Word for word, restate the lines of the data below between those holding "У ваших детей" and "到了缆车处,这里就是准备下楼", inclusive; pictures do not belong in the copy.
(Beginning of INFORMATION SHOWN)
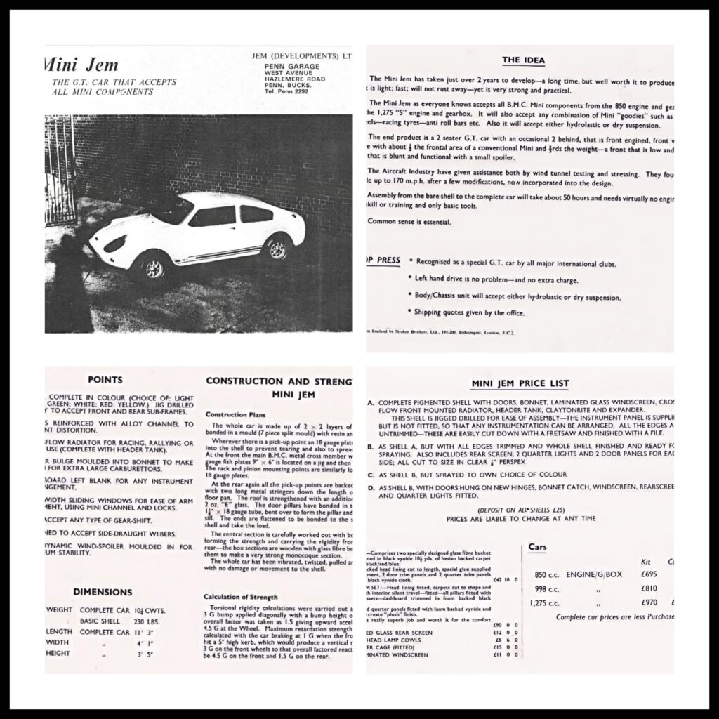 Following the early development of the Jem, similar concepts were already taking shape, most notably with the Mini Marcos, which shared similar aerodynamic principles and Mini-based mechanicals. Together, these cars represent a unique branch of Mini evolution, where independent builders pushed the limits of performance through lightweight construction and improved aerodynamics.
(End of INFORMATION SHOWN)
(Beginning of INFORMATION SHOWN)
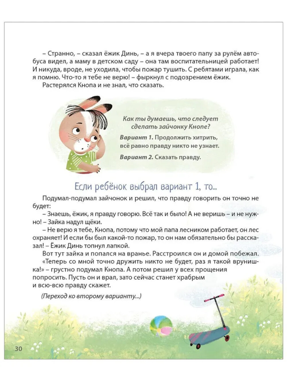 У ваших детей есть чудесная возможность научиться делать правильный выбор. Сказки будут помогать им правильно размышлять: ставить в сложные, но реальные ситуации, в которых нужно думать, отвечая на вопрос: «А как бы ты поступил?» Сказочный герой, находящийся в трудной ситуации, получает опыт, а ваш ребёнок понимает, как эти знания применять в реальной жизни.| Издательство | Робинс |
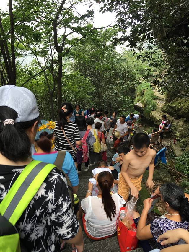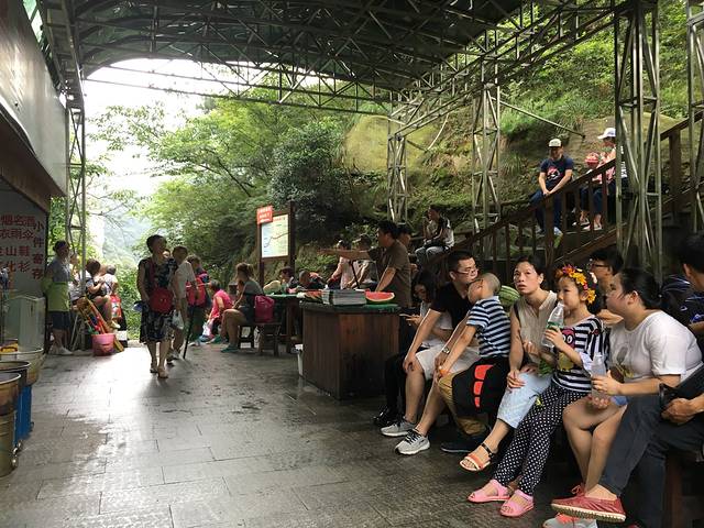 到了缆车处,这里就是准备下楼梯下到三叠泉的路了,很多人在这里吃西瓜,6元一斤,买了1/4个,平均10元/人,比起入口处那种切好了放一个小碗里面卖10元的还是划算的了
(End of INFORMATION SHOWN)
(Beginning of INFORMATION SHOWN)
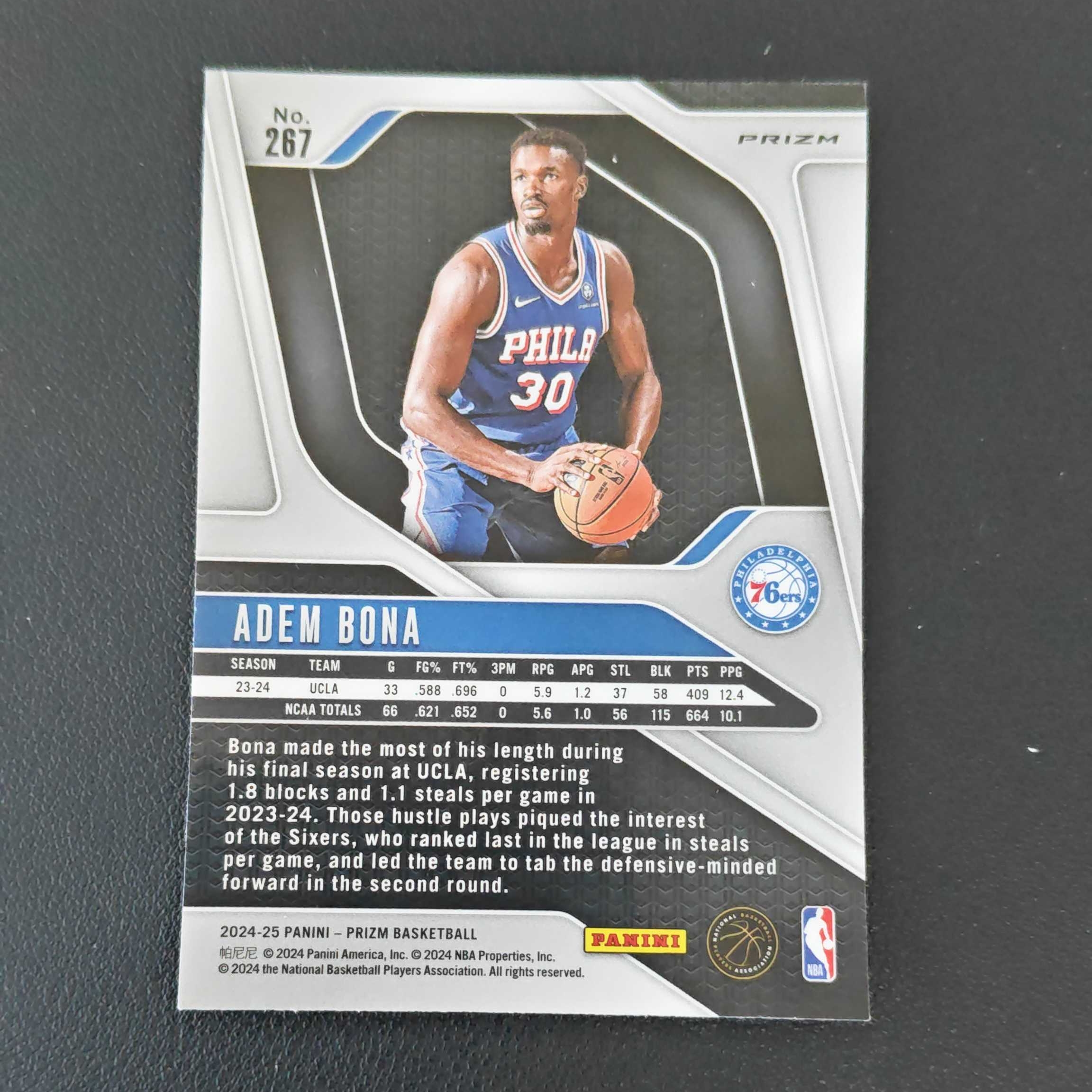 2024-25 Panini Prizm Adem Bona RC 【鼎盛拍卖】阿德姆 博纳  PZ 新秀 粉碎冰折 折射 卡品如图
(End of INFORMATION SHOWN)
RESPONSE AREA —
 У ваших детей есть чудесная возможность научиться делать правильный выбор. Сказки будут помогать им правильно размышлять: ставить в сложные, но реальные ситуации, в которых нужно думать, отвечая на вопрос: «А как бы ты поступил?» Сказочный герой, находящийся в трудной ситуации, получает опыт, а ваш ребёнок понимает, как эти знания применять в реальной жизни.| Издательство | Робинс |
 到了缆车处,这里就是准备下楼梯下到三叠泉的路了,很多人在这里吃西瓜,6元一斤,买了1/4个,平均10元/人,比起入口处那种切好了放一个小碗里面卖10元的还是划算的了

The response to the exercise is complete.